As with DataFrames and Datasets APIs so with the spark.sql interface, you can conduct common data analysis we explored in the previous chapter; both the DataFrame as well as the spark.sql query computation undergo an identical journey in the Spark SQL engine (see Figure 3-2 in chapter 3), giving you the same results.

Note

All the three SQL queries above can be expressed with a DataFrame API equivalent query. For example, Query 1 can be expressed in the Python DataFrame API as:

from pyspark.sql.functions import col, desc

(df.select("distance", "origin", "destination")
.where(col("distance") > 1000)
.orderBy(desc("distance")).show())

(df.select("distance", "origin", "destination")
   .where("distance > 1000")
   .orderBy("distance", ascending=False).show(10)

As an exercise, convert the other SQL code from above to use the DataFrame API.

Also, note the similarity and readability between DataFrame API query and its equivalent SQL one.

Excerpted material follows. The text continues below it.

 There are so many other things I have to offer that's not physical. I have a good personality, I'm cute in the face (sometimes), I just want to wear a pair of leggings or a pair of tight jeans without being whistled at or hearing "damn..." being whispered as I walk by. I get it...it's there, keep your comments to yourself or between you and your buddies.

Further, both SQL and DataFrame queries compute to the same results.

+--------+------+-----------+
|distance|origin|destination|
+--------+------+-----------+
|4330    |HNL   |JFK        |
|4330    |HNL   |JFK        |
|4330    |HNL   |JFK        |
|4330    |HNL   |JFK        |
|4330    |HNL   |JFK        |
|4330    |HNL   |JFK        |
|4330    |HNL   |JFK        |
|4330    |HNL   |JFK        |
|4330    |HNL   |JFK        |
|4330    |HNL   |JFK        |
+--------+------+-----------+
only showing top 10 rows

As you can see from the above queries, using the Spark SQL interface to query data feels like you are writing a regular SQL query to a relational database table. Although the queries are in SQL, you can feel the similarity in readability and semantics to DataFrames API operations, which you encountered in chapter 3—and will explore more in the next chapter.

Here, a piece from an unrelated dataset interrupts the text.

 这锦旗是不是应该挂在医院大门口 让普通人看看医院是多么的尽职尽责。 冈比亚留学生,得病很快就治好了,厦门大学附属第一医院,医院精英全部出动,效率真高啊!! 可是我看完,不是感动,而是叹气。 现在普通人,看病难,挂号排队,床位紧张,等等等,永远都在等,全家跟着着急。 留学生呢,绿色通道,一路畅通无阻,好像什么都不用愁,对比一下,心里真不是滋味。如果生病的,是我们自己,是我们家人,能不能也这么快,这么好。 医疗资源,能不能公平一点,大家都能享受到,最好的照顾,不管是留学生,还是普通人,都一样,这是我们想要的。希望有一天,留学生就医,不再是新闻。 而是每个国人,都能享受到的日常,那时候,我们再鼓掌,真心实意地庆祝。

For you to be able to query structured data, as shown in the above examples, Spark manages all the complexities of creating and managing views and tables, both in memory and on disk, which leads us to discuss how tables and views are created and managed.

SQL Tables and Views

Tables hold data. Associated with each table in Spark is its relevant metadata, which is information about a table and data, such as schema, description, table name, database name, column names, partitions, the physical location where the actual data resides, etc. All this is stored in a central metastore.

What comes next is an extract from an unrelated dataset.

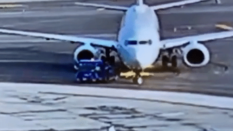 Khoảnh khắc chiếc Boeing 737 của Hãng hàng không Mỹ đã chèn lên một xe kéo khi đang được kéo về điểm đón khách tại sây bay LaGuardia ở New York, Mỹ.

Instead of having a separate metastore for Spark tables, Spark uses Apache Hive metastore as its metastore located under the Hive warehouse default location: /user/hive/warehouse. Hive uses this location to persist all metadata about your table (e.g., schema, table name, columns, description, etc.). However, you may change the default location by setting the Spark config spark.sql.warehouse.dir to another location.

Unmanaged vs Managed Tables

Spark allows you to create two types of tables: unmanaged and managed. For managed tables, Spark manages both the metadata and data on the file store. This could be local file system, HDFS, or an object store such as Amazon S3 or Azure Blob.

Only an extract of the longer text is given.